Microsegmentation is a hot topic, and is one of the top-three inquiry subjects for Gartner clients regarding cloud security. I’m not a security analyst, but microsegmentation comes up quite a bit on my client calls, probably because many folks are looking at Cisco ACI and/or VMware NSX (and it has driven at least 50% of the NSX deals that I’ve seen to date).
When I first heard the term “microsegmentation” I thought that’s a cute marketing term for “intra-data center firewalling”, but it has stuck (marketers win again), and has real value in the enterprise… Along these lines, my colleague, Greg Young just published research on the topic, Technology Insight for Microsegmentation in which we offer our official definition, benefits/risks and describe four architectural models to deliver microsegmentation.
It is an important technology, and one that enterprises must carefully consider before implementing, as Greg wrote in the article: Microsegmentation is the future of modern data center and cloud security; but not getting the microsegmentation-supporting technology right can be analogous to building the wrong foundation for a building and trying to adapt afterward. In addition, microsegmentation can certainly lead to a worst security practice, oversegmentation.
The four architectural models associated with microsegmentation (as described in the research) include
- Native microsegmentation uses the inherent or included capabilities offered within the virtualization platform, IaaS, operating system/hypervisor or infrastructure. Vendors include Amazon, Cisco, Microsoft and VMware.

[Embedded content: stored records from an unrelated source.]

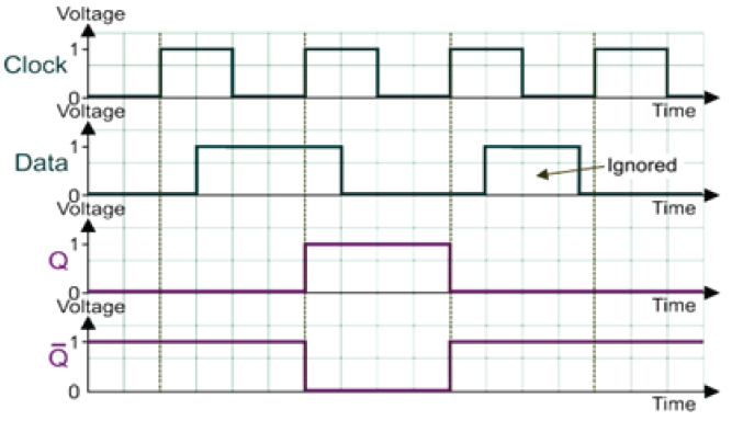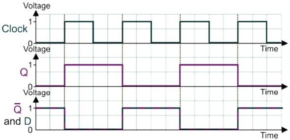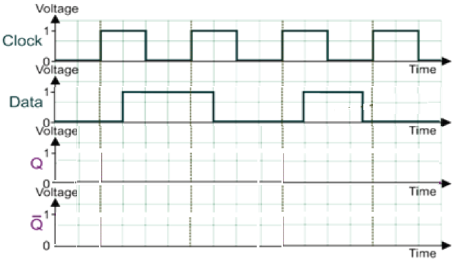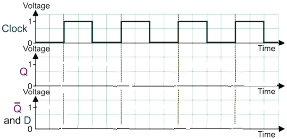 For a D-type flip-flop, show how the following clock and data signals create output Q and NOT-Q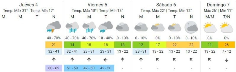 Para Rosario, el SMN anuncia tormentas aisladas desde la noche del jueves o madrugada del viernes, mientras que el último día hábil de la semana transcurriría casi por completo con condiciones lluviosas.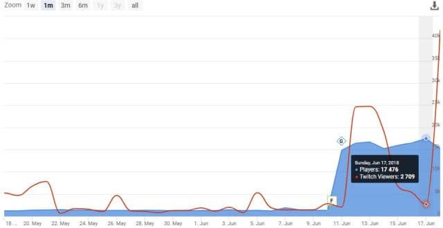 С 10 мая популярность Quake Champions значительно выросла. Дневной пик с 1500 игроков увеличился в десять раз и теперь в игре не увидишь меньше пяти тысяч пользователей. Напомним, что недавно в Quake Champions появились система расчленения и боты.
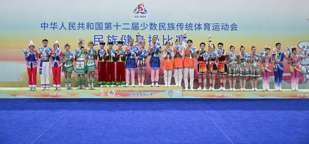 11月28日,運動員在頒獎儀式上隨音樂共跳一支舞。當日,在西南大學三亞中學體育館舉行的第十二屆全國少數民族傳統體育運動會民族健身操項目比賽全部結束。新華社記者 孫凡越 攝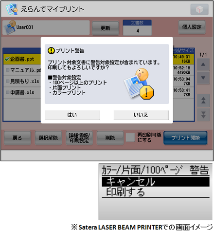 また、プリント開始しようとした時にポップアップでお知らせし、利用ユーザーのコスト意識向上を促すことも可能です。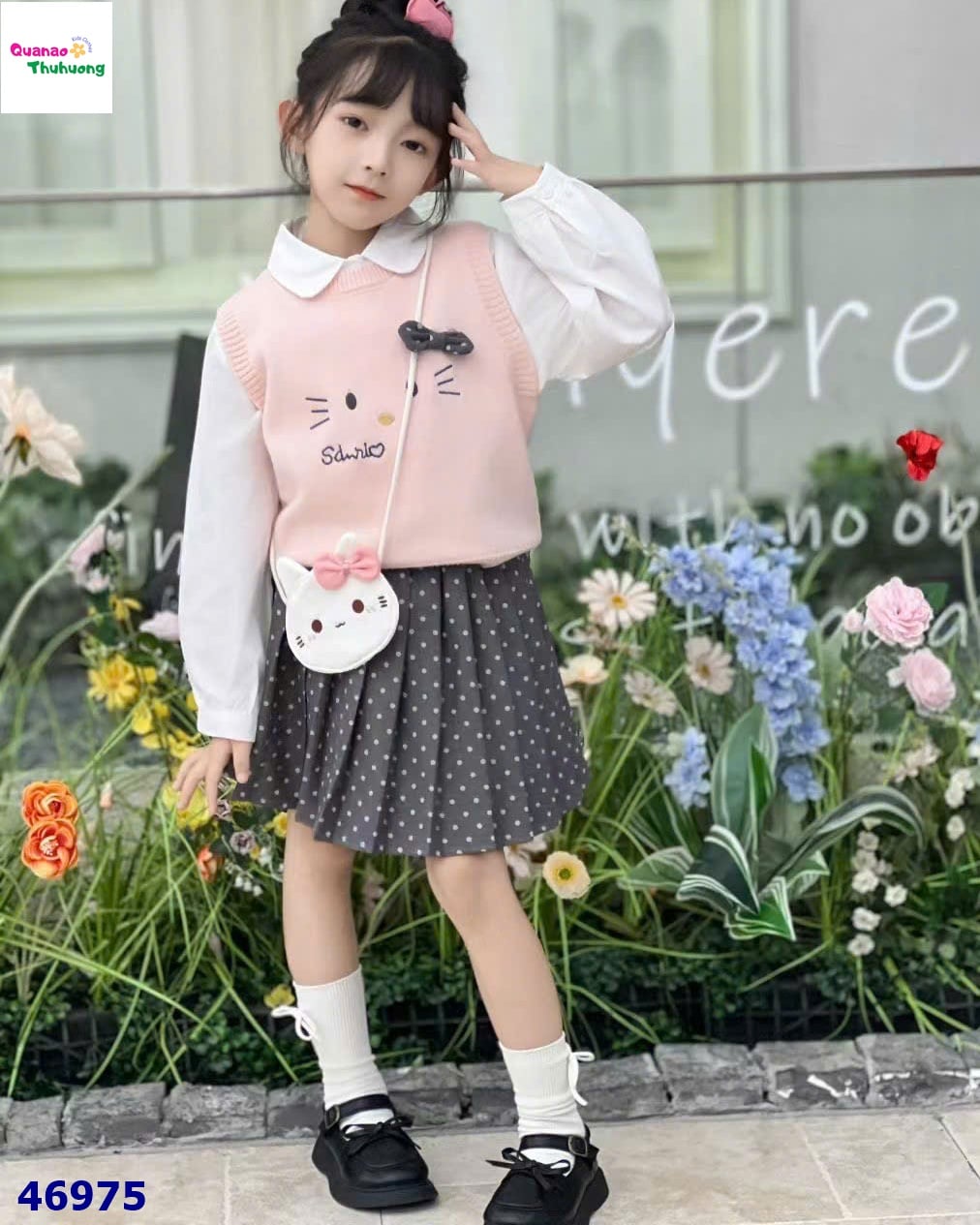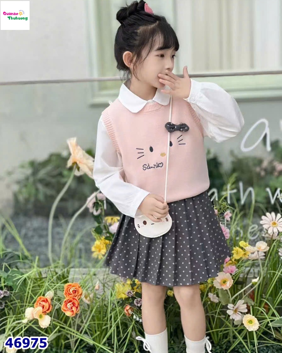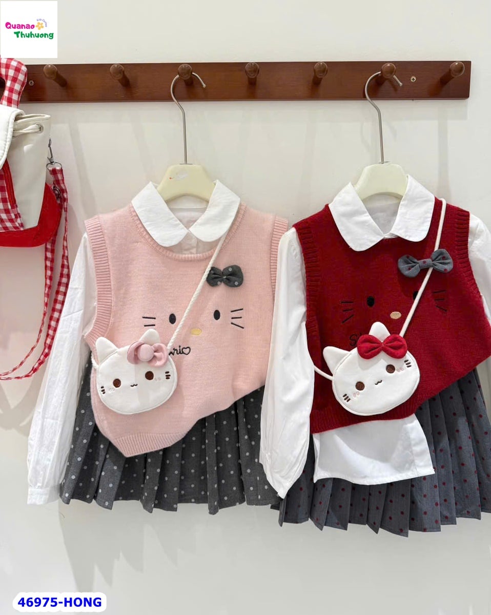 💗 Set 3: sơ mi, chân váy xám, gile hồng Kitty (tặng túi đeo) 💗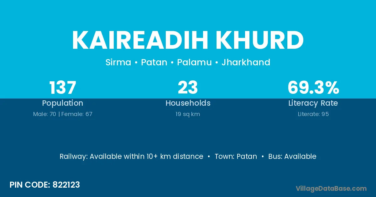 Kaireadih Khurd village has a total population of 137 people, of which 70 are males and 67 are females.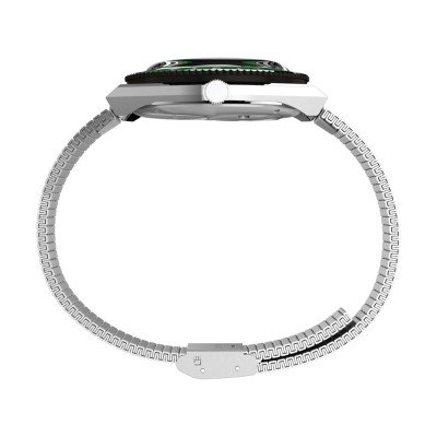 Zegarek marki Timex ma stal chirurgiczna kopertę 38 mm średnicy i jest wyposażony w pasek z materiału stal chirurgiczna. Wewnątrz koperty jest mechanizm Timex i zegarek ma także szkiełko Akryl.

- Third-party model for microsegmentation is based primarily upon the virtual firewalls offered by third-party firewall vendors. Vendors include the usual firewall suspects, Cisco, Checkpoint, Fortinet, Juniper, Palo Alto, SonicWall, Sophos, and Huawei.
- Overlay model for microsegmentation typically uses some form of agent or software within each host, rather than moderating communications as firewalls do. Vendors include Cisco, CloudPassage, Drawbridge Networks, Guardicore, Illumio, Juniper, ShieldX, vArmour, and Unisys.
- Hybrid model of microsegmentation is a combination of mostly native and third-party controls.
When deciding on microseg solutions, it isn’t just a technical decision, it should include people, process and technology. Thus, don’t just choose the model of security you would like to impose, instead it comes down to picking the architectural model that secures the realities of how your data center operates (in other words: Shiny New Object Meets Legacy Runs the World).
Technology Insight for Microsegmentation
Side note: Blogs on Nanosegmentation, Picosegmentation, Femtosegmentation, or Attosegmentation are not planned.